More quiet.  Your muffled footsteps on the carpet.  I stand with my back against the wall, too afraid to look away.
Don’t you feel how proud I am to love you? To have had you by my side.
Don’t you remember how this was never supposed to change?
You step, step, turn, look at me – you have your mothers’ eyes, - the same cold stare that pierces right through you.  You say: “You’ve always been more than enough.”
Maybe I made you someone you weren’t supposed to be. Maybe I stuck around for too long. We’ve spent years in the same small room and there’s nothing left to say now. My feet hurt from tiptoeing around all our broken pieces. 
“What was I to you then?” I ask.
“Too much.” Your voice is barely a whisper and in that lays the truth. You don’t want to hurt me but this time you have to. “You were way too fucking much.”  Neither of us say this was my fault, some things happen and, in this case, it all just became too complicated. 

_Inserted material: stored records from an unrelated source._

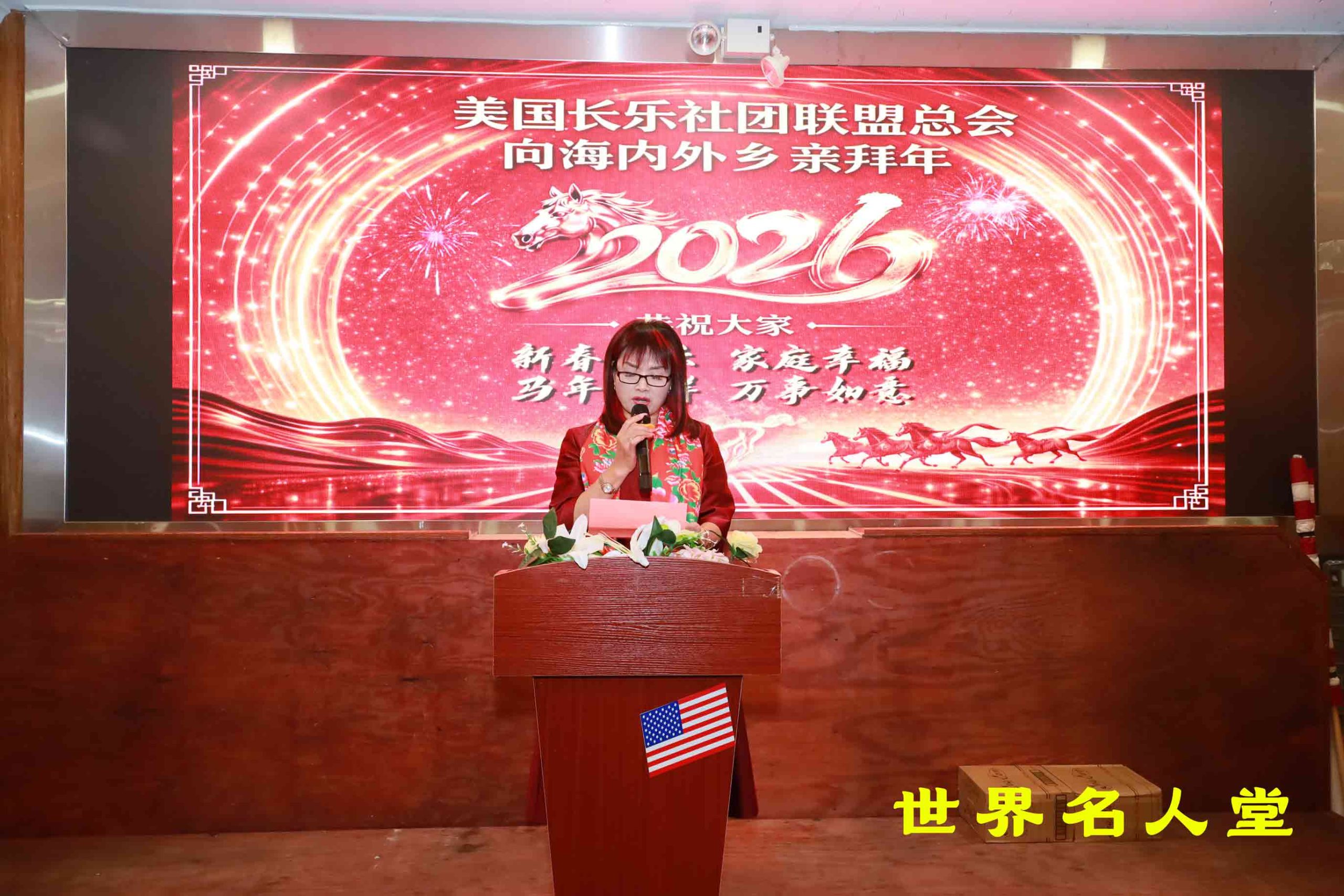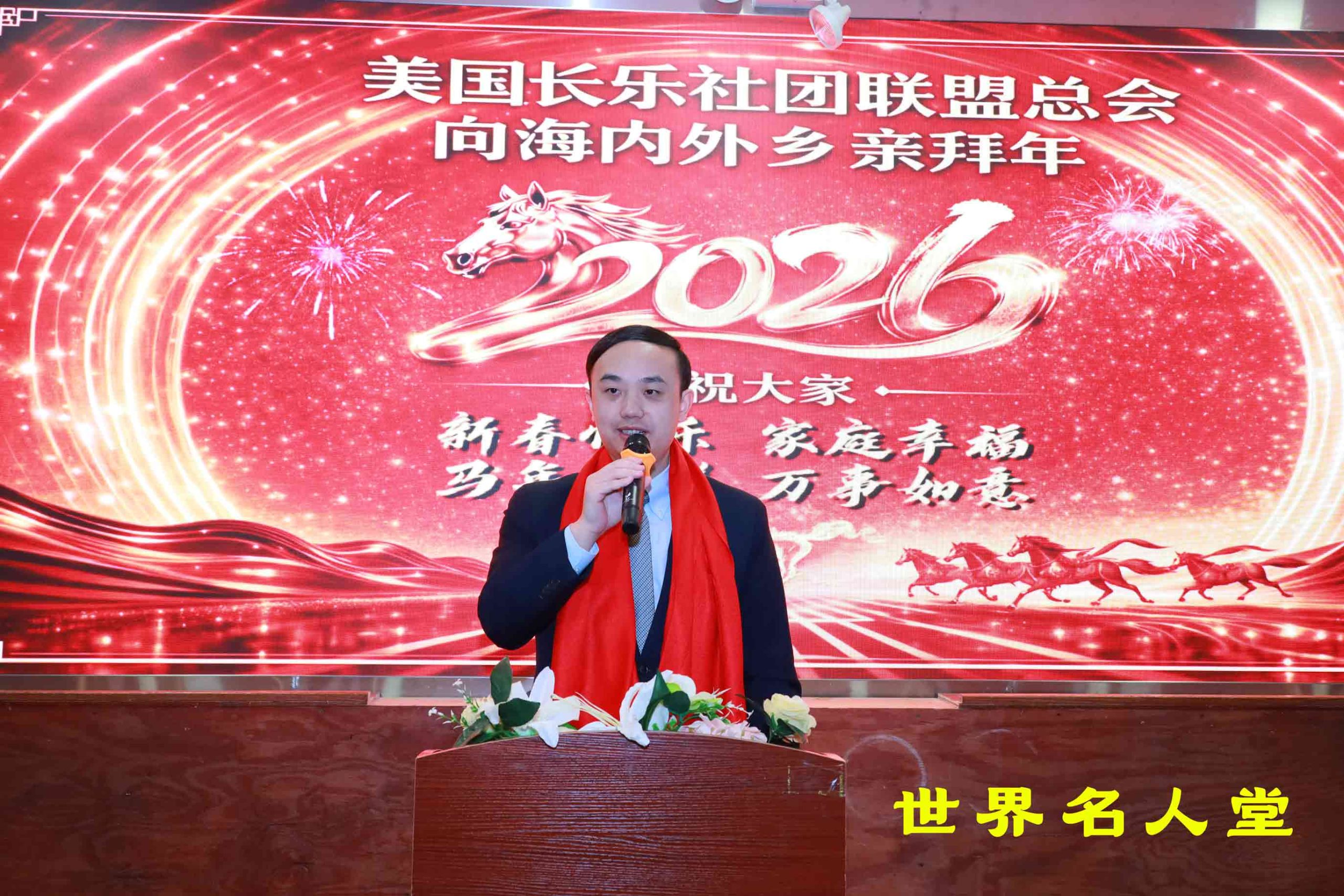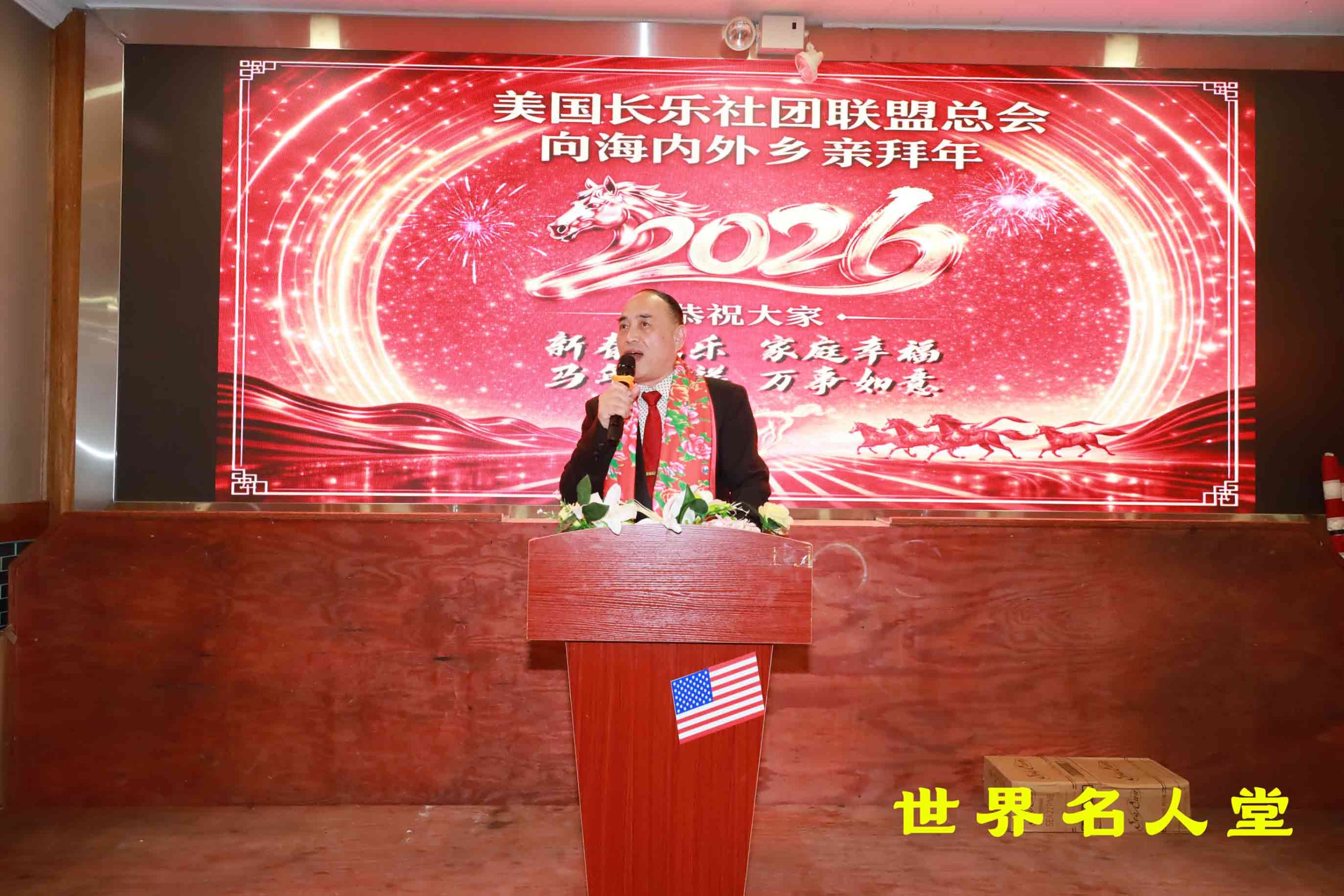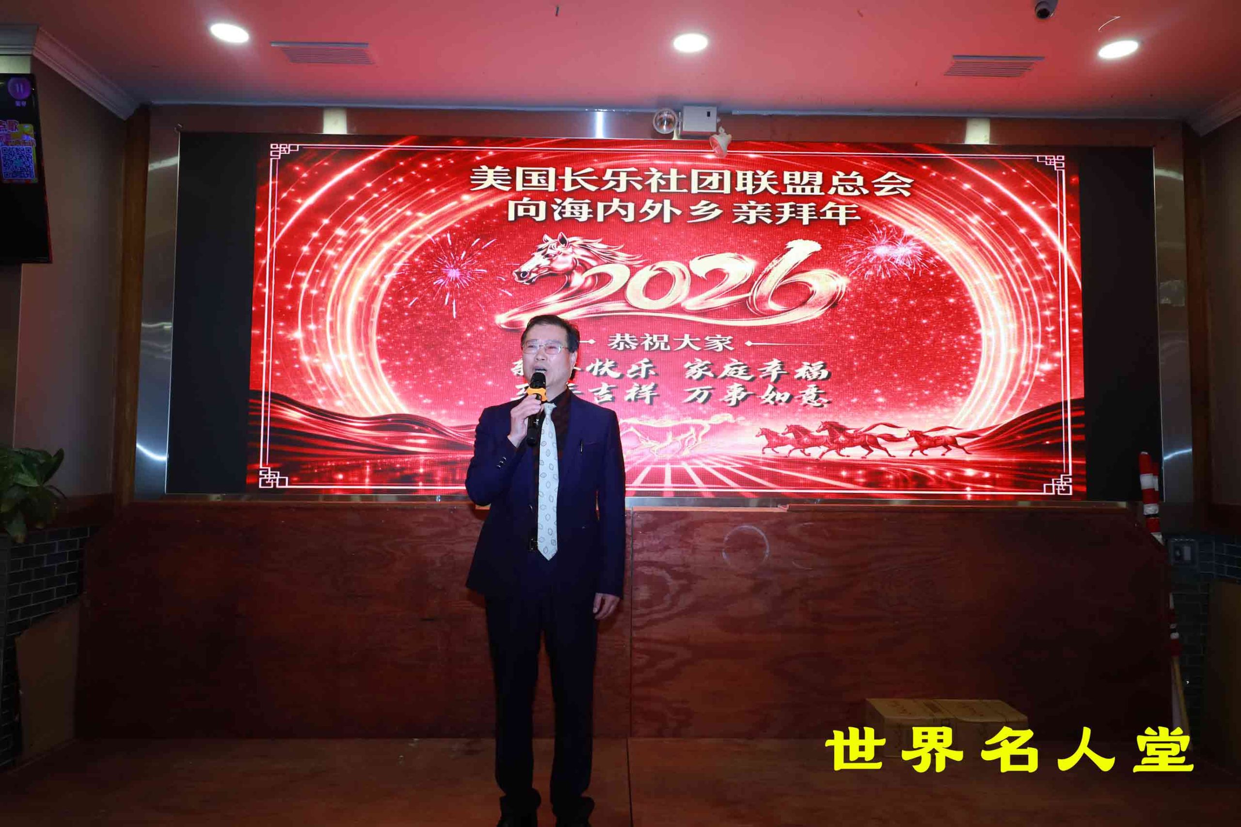 靈蛇辭歲去,駿馬踏春來。在這辭舊迎新、萬家團圓的美好時刻,我們歡聚一堂,共同舉辦美國長樂社團聯盟總會馬年新春團拜會。在此,我謹代表聯盟總會,向長期關心和支持我們總會發展的各界朋友,向辛勤付出的各位會長、僑領、義工以及所有鄉親們,致以最誠摯的新春問候和最美好的祝福!祝大家新春快樂、身體健康、闔家幸福、馬年吉祥、萬事如意!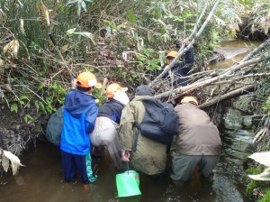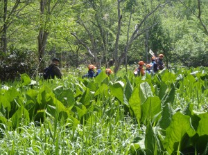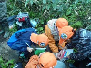 ジャングル川は、去年も一昨年も調査している場所ですが、道なき道を突き進むので、なかなか目的地にたどり着くのは大変です。ミズバショウの大きな葉っぱや、背丈以上に伸びたササに阻まれながらも一生懸命歩きました。でも今日は、ずいぶん歩いているなぁ・・・・と思っていたら、なんとジャングル川を通り過ぎていました!!隊員たちもみんなビックリ!「隊長しっかりしてよぉ~」なんて声もちらほら・・・・。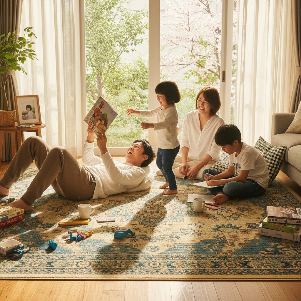 「そうだねぇ。お父さんも仕事から帰ってきて、このラグの上で横になると、一日の疲れが癒されるんだよ」と、私が答えると、横で寝そべっている妻が微笑みながら「でも、寝すぎて夕食の支度が遅くなることもあるわよね」とからかうように言いました。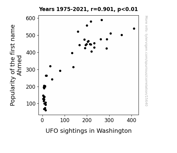 This means 81.2% of the change in the one variable (i.e., UFO sightings in Washington) is predictable based on the change in the other (i.e., Popularity of the first name Ahmed) over the 47 years from 1975 through 2021.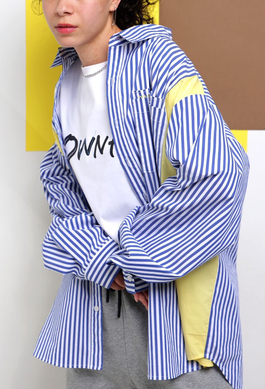 ベーシックなストライプ柄にポップな配色を取り入れ、個性を演出するデザインシャツです。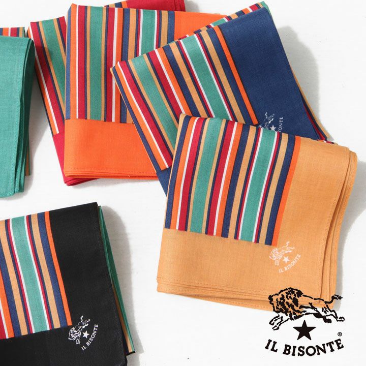 IL BISONTE(イルビゾンテ)定番のマルチストライプ柄のバンダナ。ファッションのアクセントや、お弁当包みとしても、ハンカチとしても多様に使える大判サイズです。季節に関係なくポップな気分にしてくれそうなアイテムはギフトとしても喜ばれるアイテムです。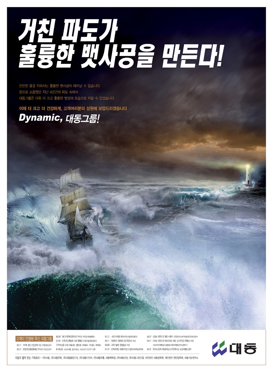이미지 한두컷으로 합성된것 같지 안네요...대단하십니다... 작업시간점 걸리셨을듯...^^ 저두 아랫것에 마음이 가네요..."대동건설"? "대동맥" 연관성이 좋네요.. 특히 스팩이 없다는점이 더욱더...간만에 좋은광고 보고갑니다..
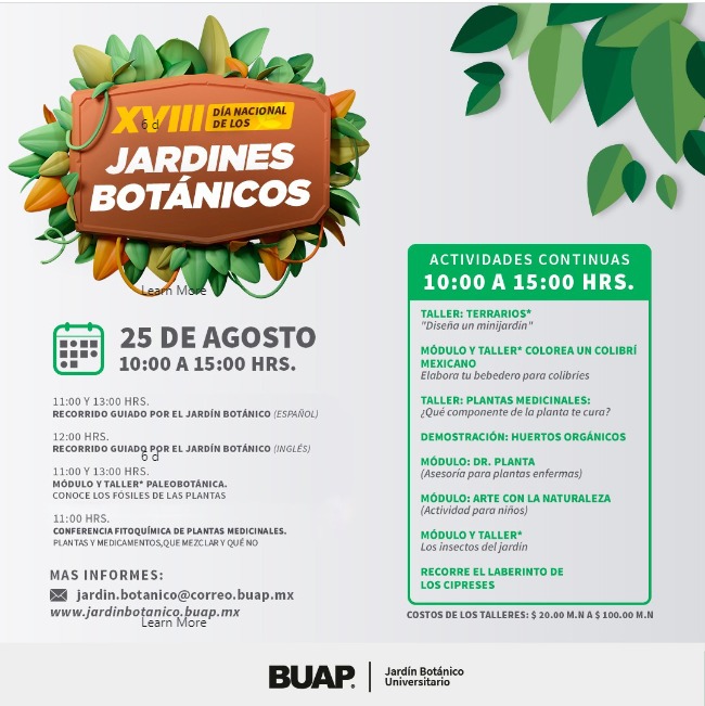 Con motivo del XVIII Día Nacional de los Jardines Botánicos, la Benemérita Universidad Autónoma de Puebla ofrecerá diversas actividades en el Jardín Botánico ubicado en Ciudad Universitaria, para que lo disfrutes con toda tu familia este próximo 25 de agosto.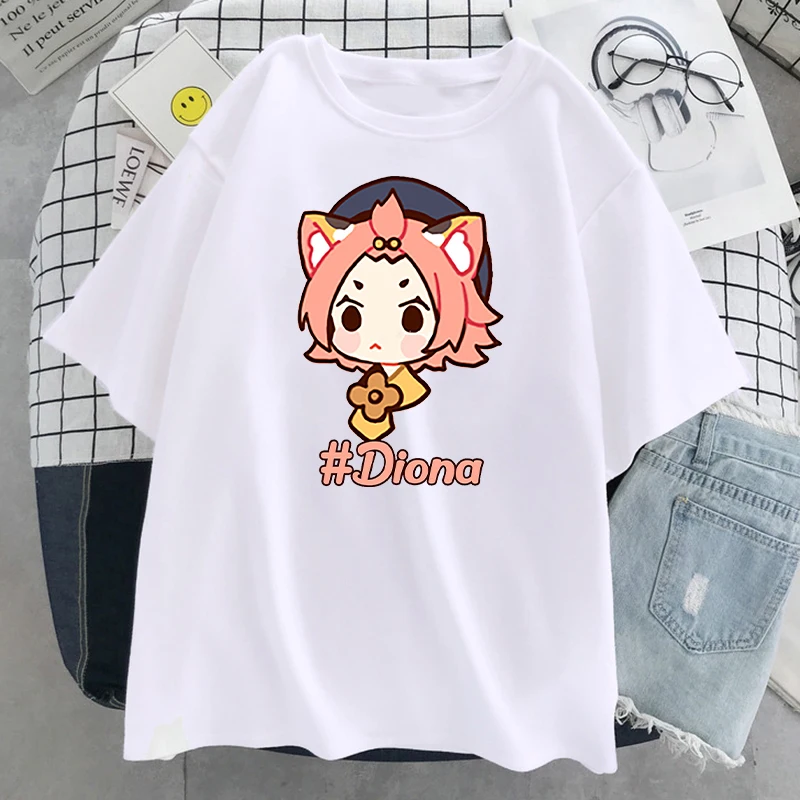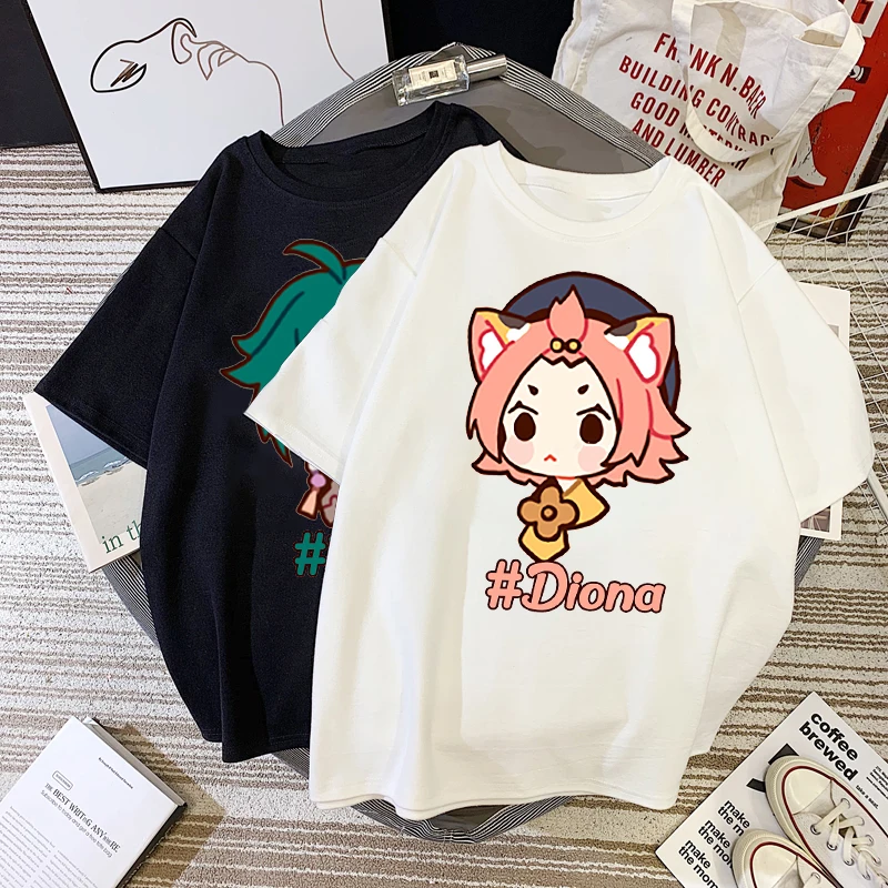 Милые футболки с принтом игры Genshin Ganyu Barbatos Xiao, Мультяшн...

You’re right. That’s the stupid part. You always are.
We dance around the truth, I hold my breath until I can’t anymore –
Laughter escapes my lips, the sound swallows us, til it’s not laughter but shame filling the room until everything turns red, all candles have stopped burning. I don’t think there’s any hope for us left.
It is fine. I’m tired of opening myself up. Have tried all the ways I’ve ever learned to communicate. I don’t know what to do anymore. You’ve faced all my demons but are still too afraid to look in the mirror.
You say nothing.
Your silence will always be the thing that haunts me the most.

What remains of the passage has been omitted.